In conclusion / final thoughts

The faster agents are entering our organizations, the faster the governance gap is outgrowing the models themselves. This could lead to three painful outcomes. 1. Engineers having to ignore safety restrictions to overcome broken workflows, 2. sensitive company data ending up in public LLMs (just look at the ToU of ChatGPT), and also 3. agent outputs getting piped into production servers without review.

ChatGPT - Terms us use:

I think we all are aware of the implications. I hope this post gave you some ideas on how to structure your responsible AI governance and engineering processes effectively.

Here is a Top10 of my lessons learned:

1. Lobotomizing, i.e., reducing capabilities, is making the model less useful.

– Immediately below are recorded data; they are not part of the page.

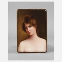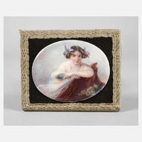 Anfang 20. Jh., leicht gewölbte querovale Porzellanplatte mit feiner polychromer Aufglasurmalerei, Halbportrait eines auf verhülltem Chaiselongue liegenden Mädchens mit entblößten Schultern und Blüten im hochgesteckten Haar, mit dem Blick den Betrachter fixierend und in der Hand einen Spiegel haltend, auf textilbespannter Trägerplatte montiert, L Bildplatte 9,5 cm.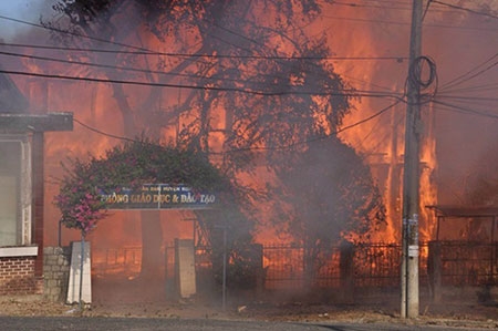 Ông Trần Duy Bằng - nhà đối diện với Phòng GD&ĐT huyện cho biết: “Lửa xuất phát từ tầng hai ngôi nhà gỗ của Phòng GD&ĐT, nhưng do thời tiết quá nóng, kèm theo gió to nên ngọn lửa cháy nhanh, khó khống chế”.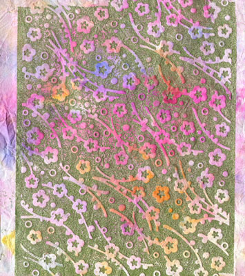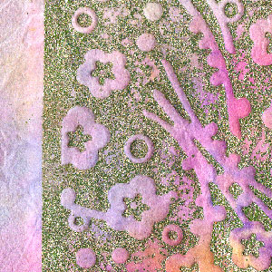 I put some Kaleidacolor rainbow pad Birthstone on a melt art mat with touches of Distress Broken China, misted with water, and swirled my paper through it. Dried it. Brayered Versafine Majestic Blue on the positive side of the folder, ran it through the Cuttlebug, then thermal embossed with clear. I found the pink in the Birthstone pad a bit too strong, which is why I added some yellow in the one above. |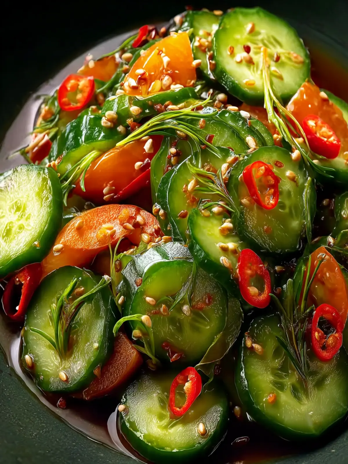 This spicy cucumber salad is a crowd-pleaser, especially during hot summer days. The cold, refreshing cucumbers are a hydrating treat, making them feel light and invigorating. Pair it with grilled meats, tacos, or even a simple sandwich, and you elevate your meal instantly!

2. Poorly aligned models make integrators less likely to build in your ecosystem.

3. Risk Tolerance is a number.

4. Risk can never be eliminated entirely. See Google’s- Eating stones vs. eating glue.

5. Product innovation vs. Risk Management is not a tradeoff.

6. Beware of unintended consequences, i.e. optimizing for engagement.

7. Ensure that autonomy is managed → Can Cursor build Cursor?

8. Understand the privacy vs. measuring intent trade-off.

9. ASL 4+ is not defined yet.

10. Taking shortcuts (Builder.AI) is the wrong approach.

I always saw governance is part of the product and not a policy that can be ignored until an audit finding pops up. It should introduce friction, fall-backs, and human oversight where risks are the highest. Explainability, logging, and tracing should be part of the system architecture from day 1.

You can’t govern what you don’t understand.
And you can’t scale what you can’t trust.